Actin Organization is Essential for Cell Shape

We next questioned how increasing or reducing actin polymerization affects focal adhesion formation, stress fiber formation, and cell shape (Figure 7). As expected, treatment of hMSCs grown on flat surfaces with the microtubule inhibitor parbendazole led to increased actin polymerization with very pronounced stress fibers (Figure 7B), as reported previously (Brum et al., 2015). The compound paclitaxel compromises F-actin polymerization and has the opposite effect: cells have fewer stress fibers and the cell area is reduced 0.7-fold compared to untreated control and 0.35-fold compared to parbendazole treated cells on the flat surface (Figure 7C). On topography 1018, parbendazole treatment resulted in the intensity in the filamentous actin intensity (Figure 7D). Similar to our observations on the flat surface, paclitaxel treatment of the cells on Topo1018 surface resulted in a 0.14-fold decrease in the cell area compared to parbendazole-treated counterparts and a 0.37-fold decrease compared to untreated controls (Figures 7C,D).
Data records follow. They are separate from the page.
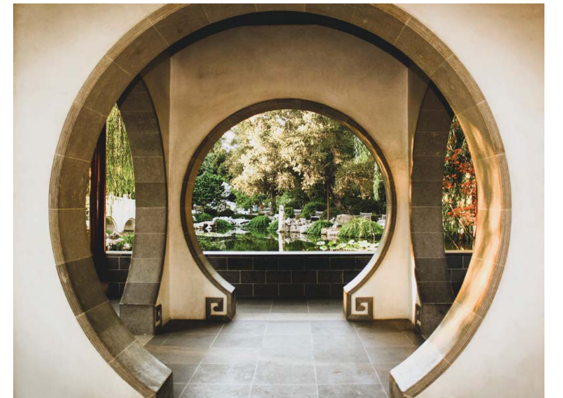
Dãy nhà Ngọc Kinh Đài là một cửa sổ và cửa chính của khu vườn với ý nghĩa kết nối với cổng vòm mặt trăng trắng.
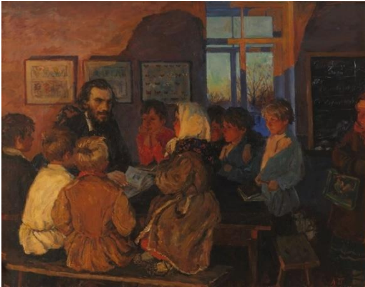
А. А. Пластов Толстой с яснополянскими школьниками, 1959. Государственный музей Л.Н. Толстого
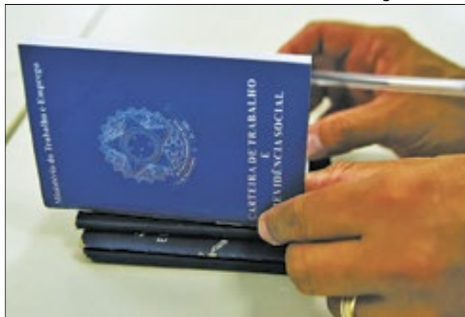
Caxias receberá Mega Feirão de Empregos
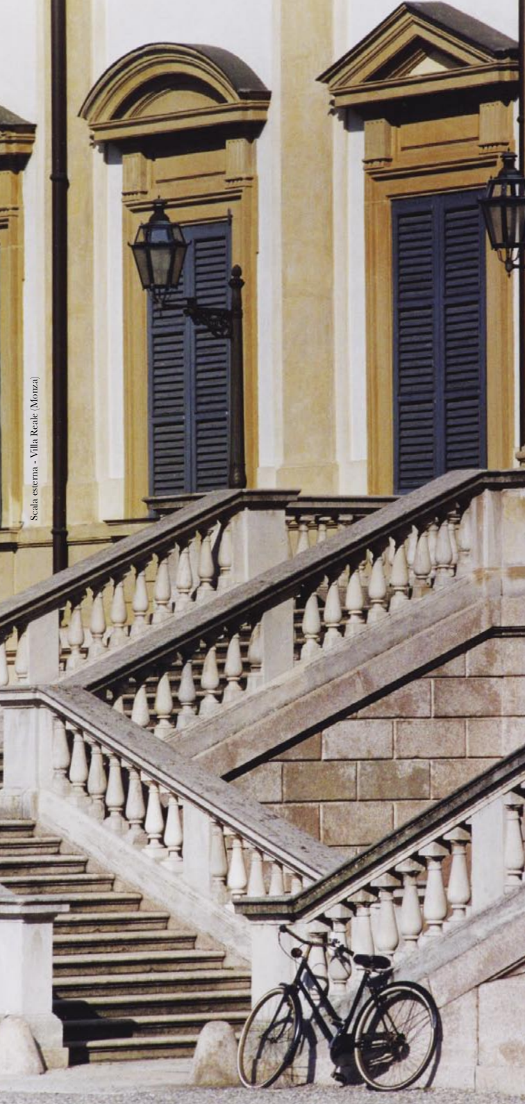
Scala esterna - Villa Reale (Monza)
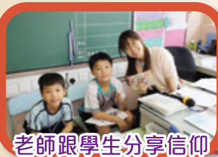
老師跟學生分享信仰
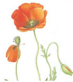
aus: Volak/Stodola/Servera, Das große Buch der Heilpflanzen, 1983; Aichele/ Golte-Bechtle, Was blüht denn da?, 1988

b) Warum sind sie heute selten geworden?

Furthermore, paclitaxel treatment in both flat and Topo1018 surfaces resulted in the change of the organization and phenotype of stress fibers. Contrary to parbendazole treatment, which leads to the formation of thick ventral stress fibers, paclitaxel treatment results in the formation of mainly thin dorsal stress fibers and transverse arcs. Finally, we did not notice a change in focal adhesion length upon parbendazole or paclitaxel treatment (Figure 8). These results suggest that manipulation of actin organization can be independent of the maturation of the focal adhesions.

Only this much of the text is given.